Compact mass spectrometer
Abstract
A miniature mass spectrometer is disclosed comprising an atmospheric pressure ionization source 701 , a first vacuum chamber having an atmospheric pressure sampling orifice or capillary, a second vacuum chamber located downstream of the first vacuum chamber and a third vacuum chamber located downstream of the second vacuum chamber. A first vacuum pump 707 is arranged and adapted to pump the first vacuum chamber, wherein the first vacuum pump 707 is arranged and adapted to maintain the first vacuum chamber at a pressure <10 mbar. A first RF ion guide 702 is located within the first vacuum chamber. An ion detector 705 is located in the third vacuum chamber. The ion path length from the atmospheric pressure sampling orifice or capillary to an ion detecting surface of the ion detector 705 is ≤400 mm. The mass spectrometer further comprises a split flow turbomolecular vacuum pump 706 comprising an intermediate or interstage port connected to the second vacuum chamber and a high vacuum (“HV”) port connected to the third vacuum chamber. The first vacuum pump 707 is also arranged and adapted to act as a backing vacuum pump to the split flow turbomolecular vacuum pump 706 . The first vacuum pump has a maximum pumping speed ≤10 m 3 /hr (2.78 L/s).
Claims
exact text as granted — not AI-modifiedThe invention claimed is:
1. A miniature mass spectrometer comprising:
an atmospheric pressure ionisation source;
a first vacuum chamber having an atmospheric pressure sampling orifice or capillary, a second vacuum chamber located downstream of said first vacuum chamber and a third vacuum chamber located downstream of said second vacuum chamber;
a first vacuum pump arranged and adapted to pump said first vacuum chamber, wherein said first vacuum pump is arranged and adapted to maintain said first vacuum chamber at a pressure <10 mbar;
an RF ion guide located in said second vacuum chamber;
a mass analyser arranged in said third vacuum chamber; and
an ion detector located in said third vacuum chamber;
wherein the ion path length from said atmospheric pressure sampling orifice or capillary to an ion detecting surface of said ion detector is ≤400 mm;
wherein said mass spectrometer further comprises:
a split flow turbomolecular vacuum pump comprising an intermediate or interstage port connected to said second vacuum chamber and a high vacuum (“HV”) port connected to said third vacuum chamber; and
wherein said first vacuum pump is arranged and adapted to act as a backing vacuum pump to said split flow turbomolecular vacuum pump.

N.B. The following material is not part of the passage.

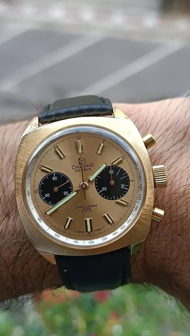Como para no estar encantado con ese reloj! No sólo es precioso, es que parece estar sacado de una relojería!! Enhorabuena Xabi!!Pues acaba de llamar el cartero (como siempre, dos veces), así que de panda inverso paso a panda dorado recién llegado. Un cronógrafo Dreffa con una estética muy de su época, muy dorada. Y prácticamente como nuevo, para la edad que se le supone. Aunque la verdadera riqueza para mí está en el interior, en lo que considero un corazón de oro: Valjoux 92.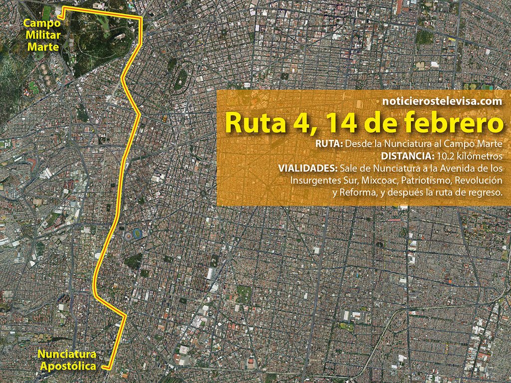 Al día siguiente, el Santo Padre saldrá de la Nunciatura a las 9:45 a.m. rumbo al helipuerto del Campo Militar “Marte”. Para llegar a ese lugar, se desplazará por las avenidas Insurgentes, Mixcoac, Patriotismo, Av. Revolución y Reforma.

2. A miniature mass spectrometer as claimed in claim 1 , wherein said atmospheric pressure ionisation source comprises an Electrospray ionisation (“ESI”) ion source.
3. A miniature mass spectrometer as claimed in claim 1 , wherein said atmospheric pressure ionisation source comprises an Atmospheric Pressure Chemical Ionisation (“APCI”) ion source.
4. A miniature mass spectrometer as claimed in claim 1 , further comprising a liquid chromatography or gas chromatography device upstream of said ionisation source.
5. A miniature mass spectrometer as claimed in claim 1 , wherein the product of the pressure P 1 in the first vacuum chamber and the length L 1 of said first vacuum chamber is in the range 10-100 mbar-cm.
6. A miniature mass spectrometer as claimed in claim 5 , wherein the product of the pressure P 2 in the vicinity of said RF ion guide and the length L 2 of said RF ion guide is in the range 0.05-0.3 mbar-cm.
7. A miniature mass spectrometer as claimed in claim 1 , further comprising a differential pumping aperture or orifice between said first vacuum chamber and said second vacuum chamber.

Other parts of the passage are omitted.